Wow, we really will be out of a job in a few years :-)
Thanks for doing that!
It managed to find a lot that I'd overlooked. I'm attaching v6, with
fixes for most of those issues plus a couple more.
> 1. You have an uninitialized have_gtrs in
> src/backend/commands/vacuum.c:504.
Fixed in v6
> 2. TRUNCATE on a GTT can cause corruption.
>
> Claude's description (I don't know how to evaluate this one myself):
>
> RelationSetNewRelfilenumber writes session-local freeze xids into
> shared pg_class for GTTs (relcache.c:4057-4076). Only relfilenode is
> split via SetEffective_relfilenode. relpages=0, reltuples=-1,
> relallvisible=0, relallfrozen=0, relfrozenxid=freezeXid,
> relminmxid=minmulti, relpersistence are written directly into
> classform and committed via CatalogTupleUpdate(pg_class, ...).
Yes, it needed to use the SetEffective_* methods for all those.
> Fix: the post-SetEffective_relfilenode block must update
> temp_classform instead of classform when temp_tuple is valid (or skip
> stats/freeze fields on classform entirely for GTT).
v6 adds new SetEffective_relfrozenxid/relminmxid() methods and uses those.

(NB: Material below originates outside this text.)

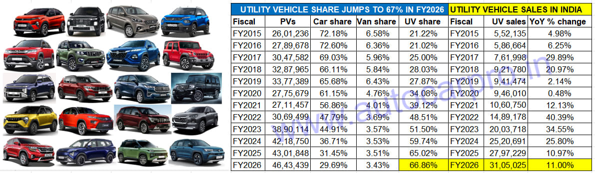 SUV and MPV sales rose to a new high of 3.10 million units in FY2026 with the UV share of the Indian passenger vehicle market nearly doubling to 67% in a span of just six years.
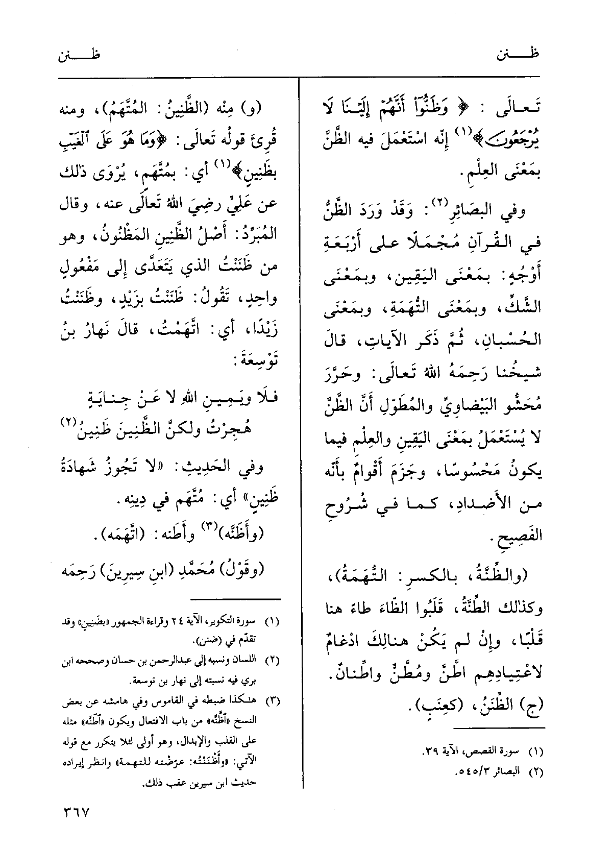 وَفِي البَصائِرِ: وَقد وَرَدَ الظّنُّ فِي القُرْآن مُجْملاً على أَرْبَعةِ أَوْجهٍ: بمعْنَى اليَقِينِ، وبمعْنَى الشَّكّ، وبمعْنَى التّهْمةِ، وبمعْنَى الحسْبَان، ثمَّ ذَكَرَ الْآيَات.

> 3. vac_get_min_tempfrozenxids() scans ProcGlobal->allProcCount without
> ProcArrayLock (vacuum.c:1769-1799). Every comparable consumer
> (vac_update_datfrozenxid, GetSnapshotData) acquires it.
Fixed in v6.
> 4. eoxact_usage_list_len / eoxact_usage_list_overflowed never reset at
> end-of-xact (global_temp.c:1176-1179). Only the storage list counters
> reset. Once a long-lived session overflows (>32 GTTs touched
> cumulatively), every subsequent xact falls back to full hash_seq
> scans. Correctness preserved, performance silently degrades.
Fixed in v6
> 5. MyProc->tempfrozenxid never decays. Set on first GTT access; only
> moves forward on a session's VACUUM of its own GTT. A backend that
> touches a GTT once and never vacuums holds back pg_class.relfrozenxid
> advancement for all sessions for the connection's lifetime. No path
> clears it on GlobalTempRelationDropped or when local usage_count
> drops to zero.
>
> I explored this one a bit because I was surprised that the frozenxid
> in the catalog should be relevant to GTTs. If I understand correctly
> this tempfrozenxid exists because while the GTT storage is
> per-session, there is some coupling via the CLOG, but I don't
> understand why _that_ has to be, and this is what Claude told me:
>
> An alternative that would have avoided the coordination
>
> You could have designed it so that GTT pg_class rows are skipped
> from datfrozenxid computation (just like local temp), and each
> backend's tempfrozenxid fed directly into vac_update_datfrozenxid
> as an additional constraint. That would let the shared
> pg_class.relfrozenxid be advisory/stale without a safety issue,
> removing one leg of the coordination.
>
> The current design chose to keep the shared row accurate — probably
> because it's user-visible (SELECT relfrozenxid FROM pg_class) and
> drives per-relation autovacuum urgency signals. That's the
> tradeoff: an accurate shared row, in exchange for needing
> cross-session horizon exchange. Same fundamental need as local
> temp; different plumbing because the pg_class row is shared.
>
> And, ah, well, I guess you could say that `relfrozenxid` in
> `pg_class` is not meaningful for GTTs, or that you'll get your
> session's GTT's relfrozenxid.
Yes, that's a very accurate description of the design choice I made.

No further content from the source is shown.